Token Usage Report - Sustainability Guide

Sustainability teams face a unique challenge: reducing environmental impact while maintaining business value. The Token Usage Report provides a comprehensive framework that goes beyond simple CO2 tracking to understand the complete picture of AI agent performance.

The Challenge: Beyond Simple Metrics

Traditional sustainability reporting focuses solely on emissions:

❌ CO2 tracking alone doesn't tell you if emissions are justified
❌ Cost reduction might sacrifice quality or user satisfaction
❌ No context about whether high emissions correlate with high value

The Reality: High emissions might be acceptable if they deliver exceptional quality and user satisfaction. Low emissions might be wasteful if they result in poor user experience and low adoption.

Our Holistic Approach

The Token Usage Report enables sustainability teams to make informed decisions by combining three critical dimensions:

Environmental Impact (CO2 Emissions) - What's the cost to the planet?
Quality Performance (Quality Scores) - Are we delivering value?
User Satisfaction (Feedback) - Are users happy with the results?

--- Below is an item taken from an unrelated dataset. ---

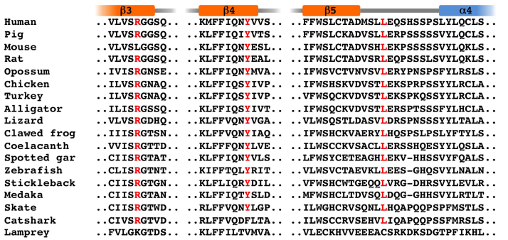 Fig. A1. Multiple alignment of partial amino acid sequences in the CASc* domain of c-FLIP proteins. The conserved arginine (R), tyrosine (Y), and leucine (L) residues are shown in red. The assignments of α-helix and β-sheet secondary structure elements are based on a previous report (see Ref. [30]). |

Methodology: From Theory to Practice

Our approach follows a systematic methodology that connects theory (sustainability goals) with practice (actionable optimization):

Step-by-Step Process

Phase 1: Establish Baseline (Week 1)

Objective: Understand current state across all dimensions

Export Current Metrics
- CO2 emissions by agent (from "CO2 by Agents")
- Weekly trends (from "CO2 by Agents/Week")
- Quality scores (from "Median Quality Score")
- Feedback distribution (from "Feedbacks")
- Topic usage patterns (from "Covered Topics Week by Week")
Document Baselines
- Total CO2 emissions per agent
- Average quality scores
- Feedback ratios (positive/negative)
- Topic usage frequency
Set Targets
- Define sustainability goals (e.g., "Reduce CO2 by 30% in 3 months")
- Set quality thresholds (e.g., "Maintain quality scores above 3.5/5")
- Define feedback targets (e.g., "Achieve 80% positive feedback")

Phase 2: Analyze Correlations (Week 2)

Objective: Understand relationships between metrics

Cross-Reference Data
- Which agents have high CO2 but low quality?
- Which topics have high cost but poor feedback?
- Are there agents with low CO2 and high quality? (success patterns)
Identify Patterns
- Waste Patterns: High CO2 + Low Quality + Poor Feedback
- Value Patterns: High CO2 + High Quality + Good Feedback
- Efficiency Patterns: Low CO2 + High Quality + Good Feedback
- Underutilized Patterns: Low CO2 + Low Quality + Poor Feedback
Prioritize Actions
- Rank agents/topics by optimization potential
- Focus on high-impact, low-effort improvements first

Phase 3: Implement Optimizations (Weeks 3-8)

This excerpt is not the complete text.